Wu Tianzhao, Xia Zhongyi, Zhou Man, Kong Ling Bing, Chen Zengyuan
College of New Materials and New Energies, Shenzhen University of Technology, Shenzhen, 518118, Guangdong, China.
College of Applied Technology, Shenzhen University, Shenzhen, 518060, Guangdong, China.
Sci Rep. 2024 Mar 11;14(1):5868. doi: 10.1038/s41598-024-56095-1.
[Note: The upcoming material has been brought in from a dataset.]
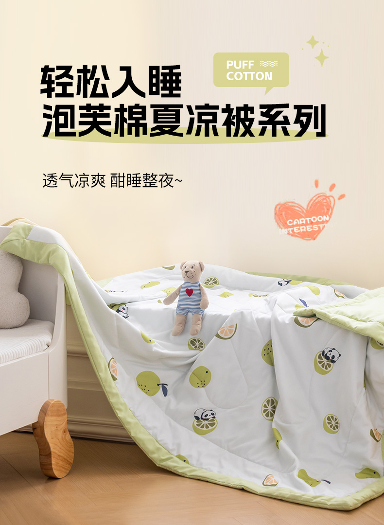 商品名称:嗨生活 2025新款水洗棉手包边幼儿园儿童夏被(爆款)幸运熊猫

Monocular depth estimation has a wide range of applications in the field of autostereoscopic displays, while accuracy and robustness in complex scenes are still a challenge. In this paper, we propose a depth estimation network for autostereoscopic displays, which aims at improving the accuracy of monocular depth estimation by fusing Vision Transformer (ViT) and Convolutional Neural Network (CNN). Our approach feeds the input image as a sequence of visual features into the ViT module and utilizes its global perception capability to extract high-level semantic features of the image. The relationship between the losses is quantified by adding a weight correction module to improve robustness of the model. Experimental evaluation results on several public datasets show that AMENet exhibits higher accuracy and robustness than existing methods in different scenarios and complex conditions. In addition, a detailed experimental analysis was conducted to verify the effectiveness and stability of our method. The accuracy improvement on the KITTI dataset compared to the baseline method is 4.4%. In summary, AMENet is a promising depth estimation method with sufficient high robustness and accuracy for monocular depth estimation tasks.
单目深度估计在自动立体显示领域有广泛应用,然而在复杂场景中的准确性和鲁棒性仍是一项挑战。在本文中,我们提出了一种用于自动立体显示的深度估计网络,旨在通过融合视觉Transformer(ViT)和卷积神经网络(CNN)来提高单目深度估计的准确性。我们的方法将输入图像作为一系列视觉特征输入到ViT模块中,并利用其全局感知能力来提取图像的高级语义特征。通过添加权重校正模块来量化损失之间的关系,以提高模型的鲁棒性。在几个公共数据集上的实验评估结果表明,AMENet在不同场景和复杂条件下比现有方法具有更高的准确性和鲁棒性。此外,还进行了详细的实验分析以验证我们方法的有效性和稳定性。与基线方法相比,在KITTI数据集上的准确性提高了4.4%。总之,AMENet是一种有前途的深度估计方法,对于单目深度估计任务具有足够高的鲁棒性和准确性。